This method will allow anyone who accesses the phone bloce to immediately know that there is a jack with line seizure in
the home. (noting black/yellow for incoming phone) It will also make it easy to ID the incoming hot tel wires inside
the alarm jack (red/green).
Possibly just a Canadian method, but I always thought that Canada and the US had very similar if not identical tel
systems.
roy...@comox.island.net wrote:
> In reference to your diagram, I believe it is wrong. Before we were allowed to wire in our own jacks, the tel co wired
> them red/green from the splice to the jack and used yellow/black to the customer's phone block. We have continued this
> pattern of wire colours.
In the toronto area, at bell employees use whatever colour comes to hand, mose new houses are getting three pair run in,
then the blue/white pair is run to the terminal block, if we changed the colours, how could you easily ID lines
one/two/three? Besides, install three RJ31 / RJ38 jacks, and you have the wiring memorized. (and most alarm manuals have a
diagram as well)
eric.
roy...@comox.island.net wrote:
> fight...@aol.com (Fightcrime) wrote:
>
> >There have been questions in the past about wiring RJ31X jacks,
> >and some people have listed the ways to wire them, other sites
> >have long drawn out instructions for wiring them...I have drawn a
> >color diagram in the simplest form on how to wire a RJ31X jack
> >and posted it on my site, it can be viewed under the HELP section
> >on my website or you can reach it directly at...
> >
> >http://members.aol.com/fightcrime/graphics/rj31x.gif
> >
> >
> >David J. Rosso - Affordable Home Security Systems
> >Now offering long distance services, pagers and more!
> > >> http://members.aol.com/fightcrime <<
> >
>
> In reference to your diagram, I believe it is wrong. Before we were allowed to wire in our own jacks, the tel co wired
> them red/green from the splice to the jack and used yellow/black to the customer's phone block. We have continued this
> pattern of wire colours.
>
>In reference to your diagram, I believe it is wrong.
>Before we were allowed to wire in our own jacks,
>the tel co wired them red/green from the splice to
>the jack and used yellow/black to the customer's
>phone block. We have continued this pattern of
> wire colours.
Color here is really just a personal preference, the
important thing here is the way it is wired, meaning that
the IN & OUT of the jack is wired correctly.
>red/green from the splice to the jack and used yellow/black to the customer's
>phone block. We have continued this pattern of wire colours.
This is our way also. Never had a problem with it.

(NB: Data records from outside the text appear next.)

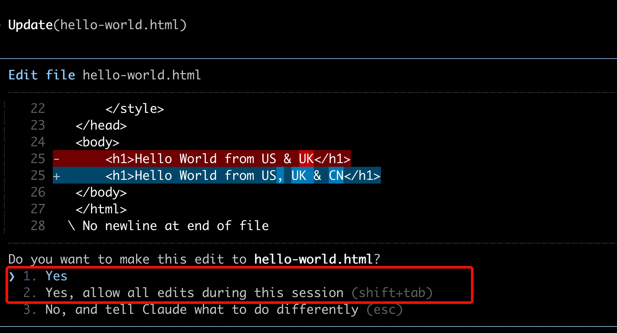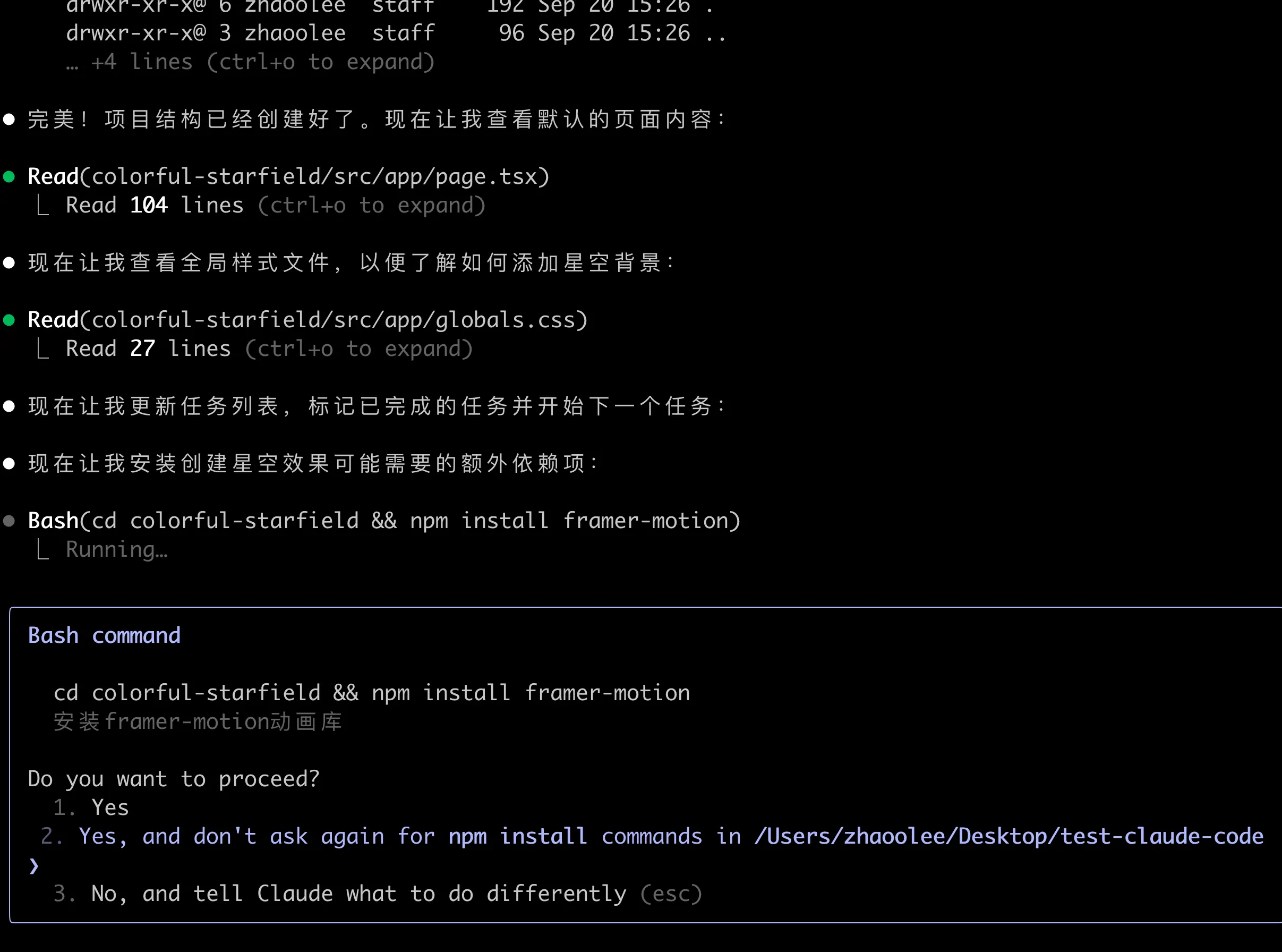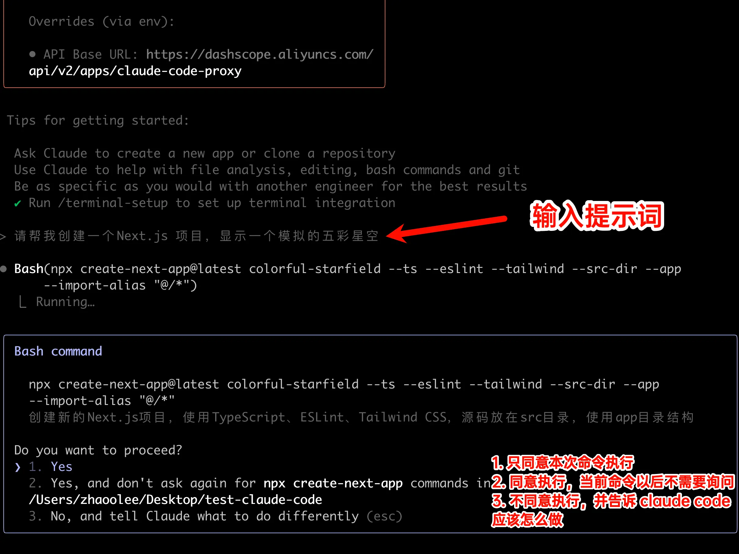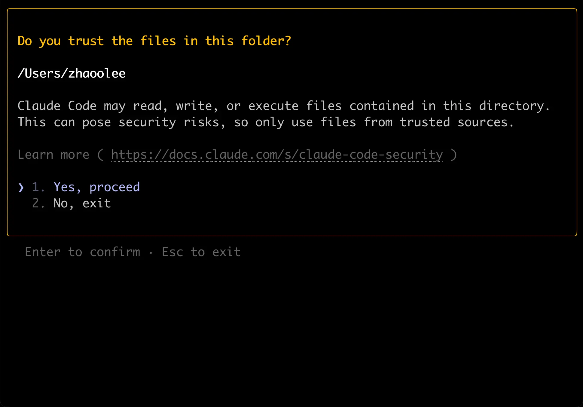 推荐用户只在代码项目路径运行 claude code; 这里我们即使选择了 yes, proceed,claude code 在修改文件时,依然会先问我们是否修改,所以这里依然可以继续选择 yes,proceed,然后回车。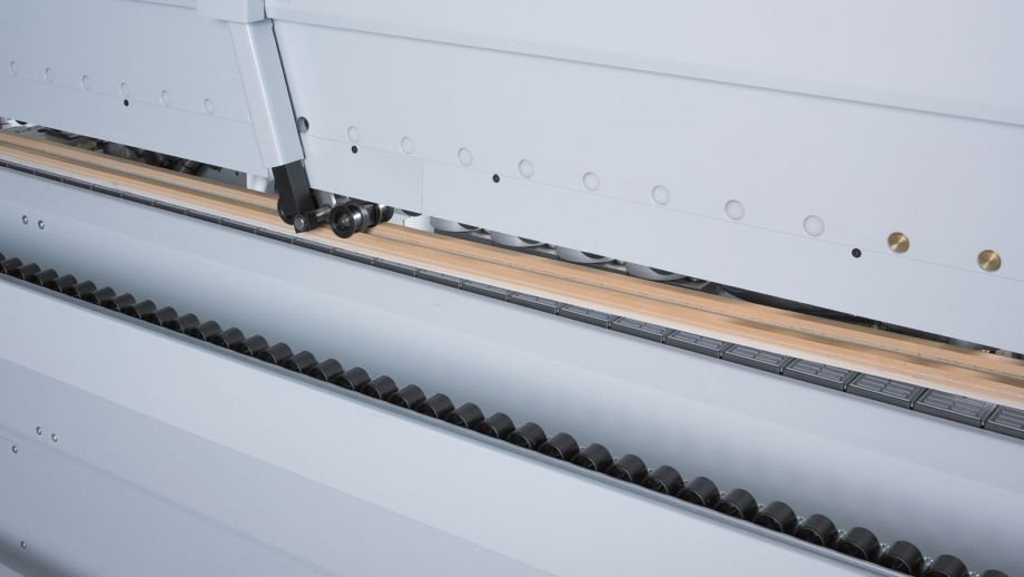 En la foto principal: Presión del rodillo superior tipo correa: el elemento de presión del rodillo superior, fabricado en acero con correa trapezoidal doble, proporciona la base para obtener la máxima calidad, ya que las piezas de trabajo se sujetan de forma óptima para su procesamiento.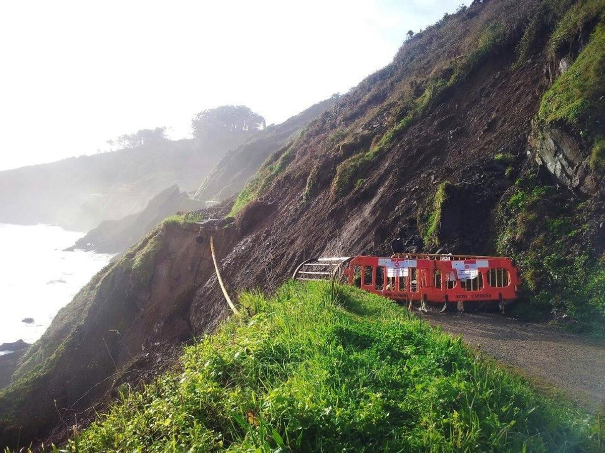 Una parte de la ladera del acantilado que atraviesa la senda de El Tranqueru, y que bordea la playa del mismo nombre, se vino abajo provocando un "argayu inmenso", según han explicado las mismas fuentes.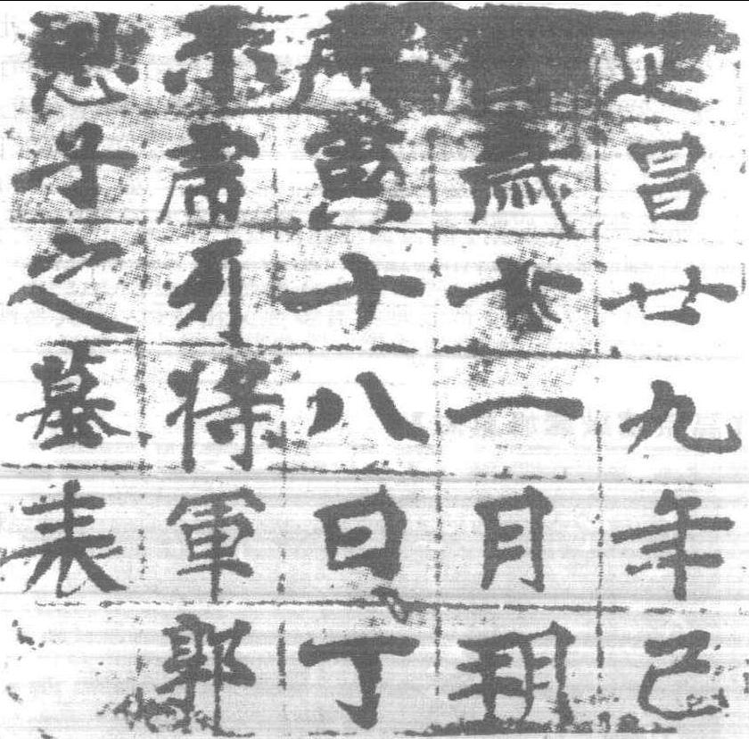 释义 | 高昌國墓磚民國元年 (1912),日本大谷探查隊于亞細亞中央吐魯番盆地哈拉和卓一帶,發掘古墓一群,有墓磚數十萬,其中磚 (A)製于延昌四年即南朝陳天嘉五年 (564),約三十公分見方。有楷行書六行,行六字; 磚 (B) 製于延和九年(即隋大業六年一610),約三十公分見方。有楷行書五行。行七、八字; 磚(C)製于延昌二十九年 (589),有楷書五行,行五、六字。俱係墨書,屬率意之筆,書法高古,古樸敦厚,類似北魏造像記,然書性温和,乏寒險之氣。斯時墨迹不多,此墓磚誠為珍貴遺品。已流入日本,歸大谷大學所藏。 高昌國墓碑 (C) |

Just adding my 2 cents from Chattanooga Tenn.
Mark
>
>Does anyone make a category 5 compliant RJ31X? I would think that a security jack would degrade the future needs of a home
>that has been wired for high speed services.
>
I have been unable to locate a CAT 5 compliant RJ31X. I deal with a company who supplies BC Tel and they don't have
such a product or do they know where one can be located.

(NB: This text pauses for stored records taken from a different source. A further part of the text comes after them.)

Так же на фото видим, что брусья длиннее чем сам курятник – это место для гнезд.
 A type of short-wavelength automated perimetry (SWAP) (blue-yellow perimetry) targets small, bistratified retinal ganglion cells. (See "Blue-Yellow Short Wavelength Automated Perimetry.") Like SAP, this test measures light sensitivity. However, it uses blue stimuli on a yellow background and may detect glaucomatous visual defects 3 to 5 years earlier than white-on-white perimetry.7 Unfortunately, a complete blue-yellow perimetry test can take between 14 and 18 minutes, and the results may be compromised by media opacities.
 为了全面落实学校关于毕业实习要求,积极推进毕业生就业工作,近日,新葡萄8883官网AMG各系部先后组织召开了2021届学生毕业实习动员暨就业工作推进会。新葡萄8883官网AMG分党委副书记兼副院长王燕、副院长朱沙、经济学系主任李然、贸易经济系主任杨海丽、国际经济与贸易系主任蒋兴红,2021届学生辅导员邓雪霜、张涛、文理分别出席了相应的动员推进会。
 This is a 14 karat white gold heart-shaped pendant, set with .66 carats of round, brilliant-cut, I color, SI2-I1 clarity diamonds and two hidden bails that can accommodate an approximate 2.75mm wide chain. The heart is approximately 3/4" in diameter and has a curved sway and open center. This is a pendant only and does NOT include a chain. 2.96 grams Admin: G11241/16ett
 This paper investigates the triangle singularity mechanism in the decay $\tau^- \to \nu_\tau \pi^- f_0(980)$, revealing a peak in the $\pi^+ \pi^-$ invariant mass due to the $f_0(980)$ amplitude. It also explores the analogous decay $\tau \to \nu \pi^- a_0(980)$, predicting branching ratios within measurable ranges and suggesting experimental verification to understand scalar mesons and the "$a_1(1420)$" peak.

BTW, regular CAT 3 wire is more than sufficient for a standard 33.6 or 56K modem. Only ISDN and faster would require
CAT 5 anyway, and if you can afford the service, I would recommend a dedicated line. So it shouldn't be a problem.
>
>
>roy...@comox.island.net wrote:
>
>> In reference to your diagram, I believe it is wrong. Before we were allowed to wire in our own jacks, the tel co wired
>> them red/green from the splice to the jack and used yellow/black to the customer's phone block. We have continued this
>> pattern of wire colours.
>
>In the toronto area, at bell employees use whatever colour comes to hand, mose new houses are getting three pair run in,
>then the blue/white pair is run to the terminal block, if we changed the colours, how could you easily ID lines
>one/two/three? Besides, install three RJ31 / RJ38 jacks, and you have the wiring memorized. (and most alarm manuals have a
>diagram as well)
>
>eric.
>
Right you are. BC Tel insists we use the blue pair for ring/tip and the orange pair for tip1/ring1. That's how they've
always done it, and continuing the standard they've already set makes sense. (they also insist we run 4 pair).

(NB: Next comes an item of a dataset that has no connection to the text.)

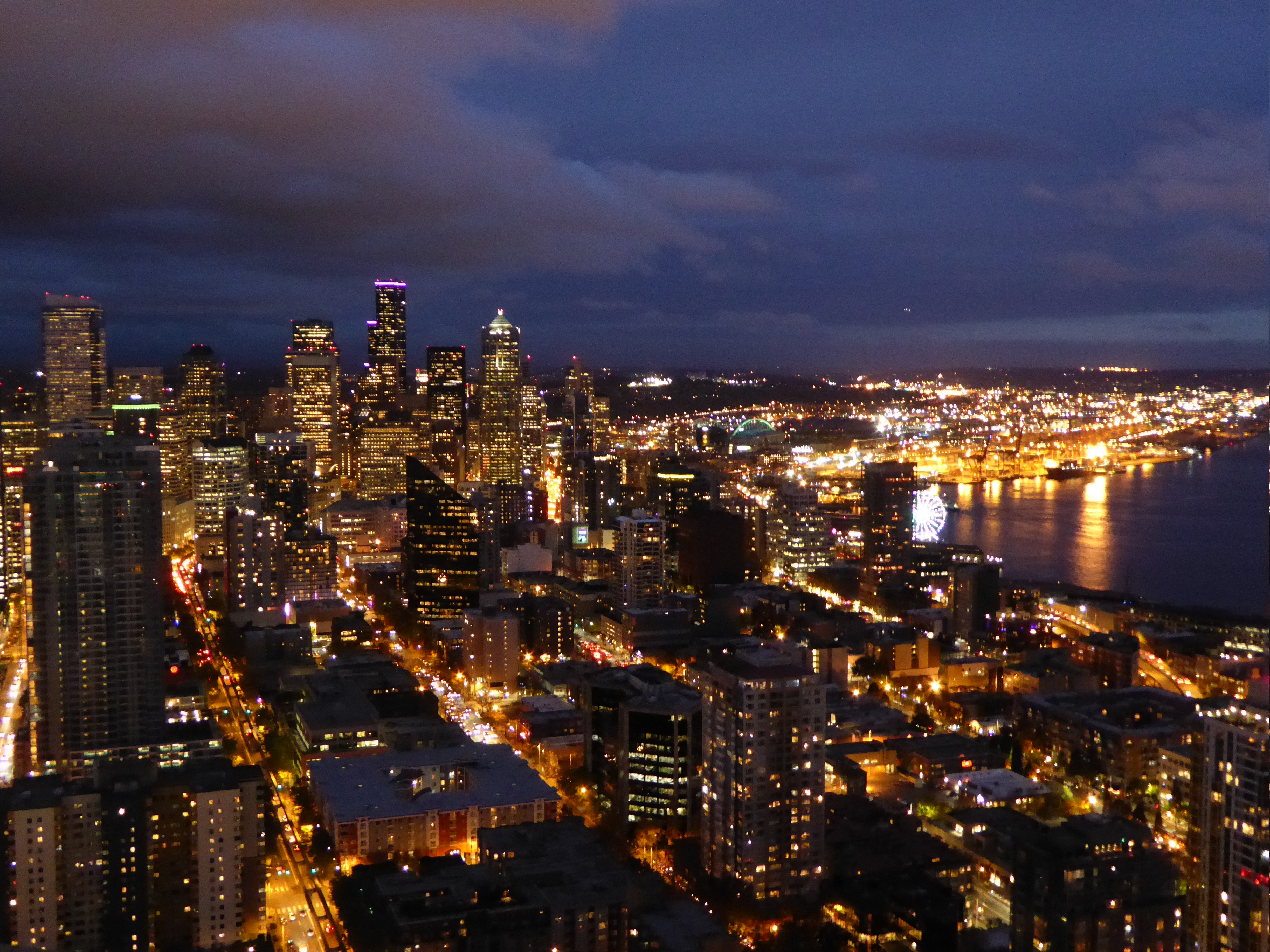 Summit definitely takes on a bit of a sadness once the last session concludes. Everybody knows its over and its time to leave and the week is over. Since I wasn’t flying out until the morning, I decided to do a little more sightseeing and headed over to the Space Needle to finally head to the top to check it out. The weather was actually pretty decent (not sunny, but at least not raining) and I’d read that one of the best times to go was just after sunset so you could see day and night in the same visit. I paid the fee ($22, yikes!) and headed to the top and had a great time.

Unfortunately alarm manuals don't give colours on the telco side of the jack. Only on the alarm side.
> BTW, regular CAT 3 wire is more than sufficient for a standard 33.6 or 56K modem. Only ISDN and faster would require
> CAT 5 anyway, and if you can afford the service, I would recommend a dedicated line. So it shouldn't be a problem.
ISDN doesn't require CAT 5. It's designed to run over standard pairs.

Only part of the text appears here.